McCall's 6657 In Red

Hi

I've realized that it is getting cold outside and I've decided that a coat is in order.  This Summer, the idea of a coat was all I could really think about.  I kept putting it off and for good reason, I had never made one.  Of course you have blazers and light jackets, but when it came down to it, if you haven't gone to the attack of an actual "Coat", you haven't really delved into "fabric".

A few weeks ago, I made the jump, but before I even dared to tackle the fabric, I took a look at different online courses that would help guide me in the right direction.  Because I subscribe to Patternreview and Burdastlye I felt those two should be the starting point for more information.  Here's the kicker,,,just as I was finishing my coat Burdastyle came up with a cute quiz that helps you decide which courses to take according to the direction that you want your sewing skills to go.  That little nudge of direction would have been very helpful to me last month.  However, I began my project with a look at a blog I found last year, Ten Thousand Hours of Sewing.

Last year this young lady (Known to me as) Victoria, went through a personal experience with James McFarland and his dynamic tailoring techniques.  Her blog made me feel as if I were taking the courses with her, only I wasn't actually present to get the real deal.  Boy was I green, but now I have the opportunity to have a similar experience with Gentleman Jim because he is now teaching Master Fit: Advanced Tailoring on Burdastyle.

Needless to say that with this project I didn't have his help, but I will definately be having him next to me on some of my future projects.  So, here is my very first COAT!!!!

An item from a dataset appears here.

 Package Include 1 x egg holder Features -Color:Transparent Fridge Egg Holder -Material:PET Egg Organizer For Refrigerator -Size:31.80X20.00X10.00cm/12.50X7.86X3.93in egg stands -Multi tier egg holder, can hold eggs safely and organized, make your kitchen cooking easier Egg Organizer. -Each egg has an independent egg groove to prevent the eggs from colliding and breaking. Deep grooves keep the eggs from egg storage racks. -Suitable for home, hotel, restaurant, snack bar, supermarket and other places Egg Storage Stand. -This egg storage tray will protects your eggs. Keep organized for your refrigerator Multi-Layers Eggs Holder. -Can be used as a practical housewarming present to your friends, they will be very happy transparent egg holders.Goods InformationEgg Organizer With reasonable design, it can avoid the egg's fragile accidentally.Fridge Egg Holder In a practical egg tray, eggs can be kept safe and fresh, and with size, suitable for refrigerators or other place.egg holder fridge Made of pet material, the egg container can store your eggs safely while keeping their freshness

For this coat my daughter chose McCall's 6657.  I've had this pattern in my stash for a while because it is now OOP.  Believe me when I say that when I purchased this pattern my intentions were to make it right away, but the idea of a coat was more powerful than the will.  I had a piece of wool that I really didn't want to part with on this particular coat, but hey, it can only cut once, right?
I love the color of this coat and once finished my daughter was in love.  As I was putting the pieces together, she kept saying that I was making her a robe.  The fur collar kind of changed her mind.

The Review

Pattern Description:  Misses unlined/lined coast with different variations.

Pattern Sizing:  Y (XSM - MED)

Did it look like the photo/drawing on the pattern envelope once you were done sewing with it?  Yes.

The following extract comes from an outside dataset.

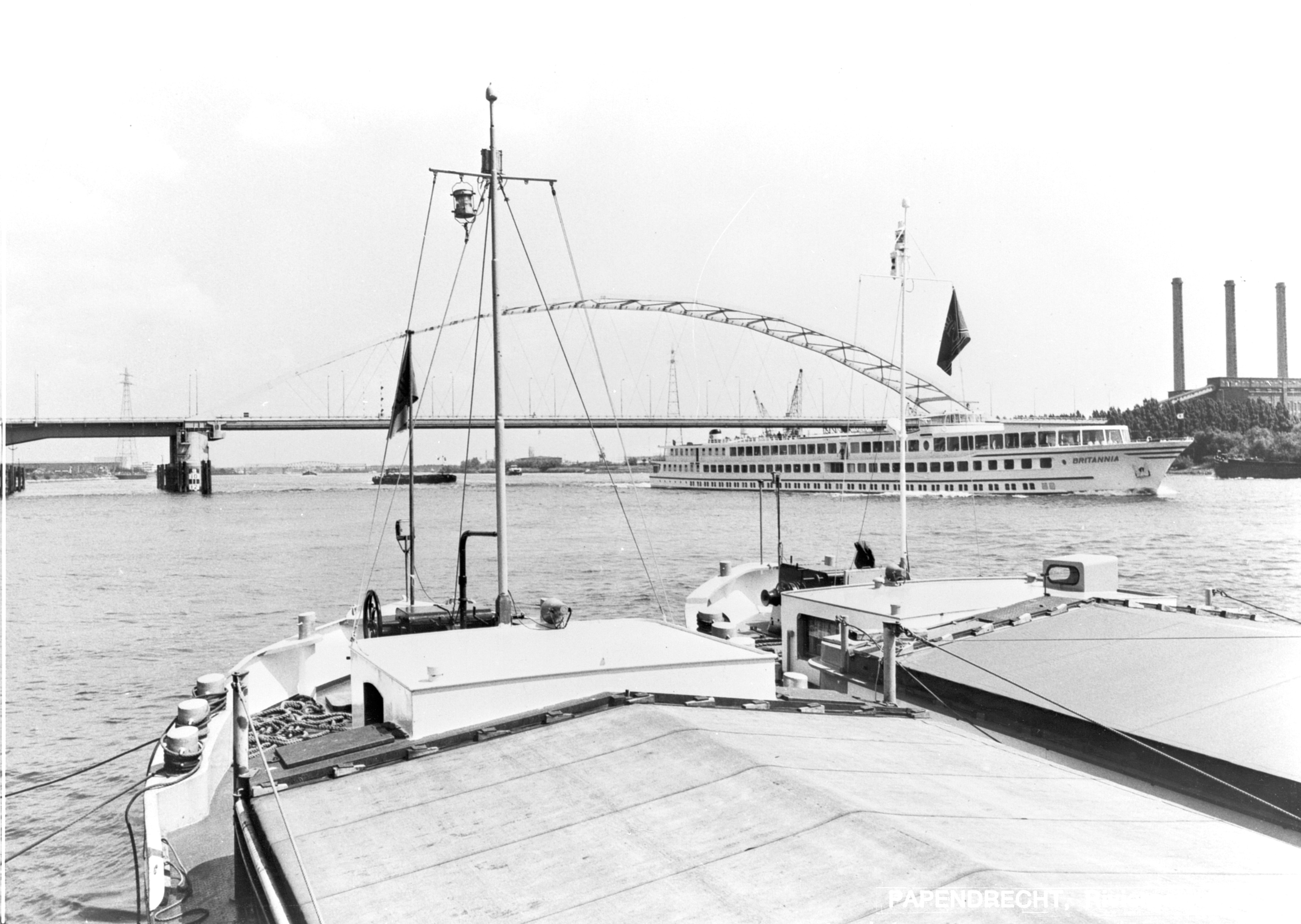 - De Papendrechtse brug over de Beneden Merwede. De schoorstenen zijn van de Merwedecentrale.

Were the instructions easy to follow?  The instructions were easy, but applying the lining was a bit tricky. (honestly, I started the lining before I read the lining instructions and ended up redoing another set of lining pieces, which makes that my fault. oh oh).

Fabric Used:  Wool

Pattern alterations or any design changes you made:  I had to make a pattern specifically for my daughter and I used muslin as a guide for the fit.  With my daughter being a lot of different sizes in 1 the sizes ranged between the medium, small, and extra small. (as reference not numbers).

Would you sew it again? Would you recommend it to others?  Yes, Yes.

Conclusion:  This pattern would make a really good pattern to use with a less bulky fabric (poplin, flannel, or brushed wool).  I liked that this was an easier pattern that I had first thought.  It was similar to making a robe, but with more detail on the collar.  The front facing and the front panel had to be lined in order to get the collar to line up for tacking.
I used a heavy weight interfacing and a lot of steam and dry ironing to press this particular fabric to make it workable and to get the seams as small as they would go,  The pins are in place because the idea was to run a seam along the lines and omit the fur collar (here is where the robe look happens).  With my daughter the shoulders were way to long, so I had to cut 1 1/2" off both shoulders and the sleeves.  The S sleeves were too tight and the MED sleeves were too big.  So, I used her arm measurements to make a sleeve that fit between the 2 and added 1/2" for seam allowance.  The bodice of the MED was way too big from the waist down.  Here I had to take her measurements and adjust the muslin to suit her.  I had to take a complete 1" off the back at the top and graded down by 3" from the waist and 4" at the widest hip area.  For the front (without the attached facing and lining) I continued with 1' taken from the top, 3" at the waist and 4" at the hips.  With the lining and front facing I took 1" off the facing that attached to the lining side and used the same 1"- 3"- 4" for the lining piece that connected to the lining back.  I also used those measurements for the lining back.  The sleeve lining was made using the adjusted sleeve muslin minus 1/2".  

Once I had completed all of this it was time to try the coat on again and here is were my young lady says,,,,,,"It's too long".  I can't agree with her on this, but she kind of wanted an above the waist jacket.  I wished she had told me this earlier.  I knew that if I had left the coat as long as it was, she wouldn't want to wear it, so I went back into  the coat lining on the inside left side and cut away 5" from the bottom.  Then cut 1" off the lining and stitched it close all the way across the bottom, closed the side opening and now it is ready for the cleaners.  

Overall, I liked this pattern, but making this coat again is not at the top of my "to do" list.  My daughter has expressed to me that she wants more collars since the fur one is removeable and I do see those in the future, so as I complete those, I'll keep you up to date with that.

Well, that concludes today's post.  I hope you enjoy it.  Thank you for joining me.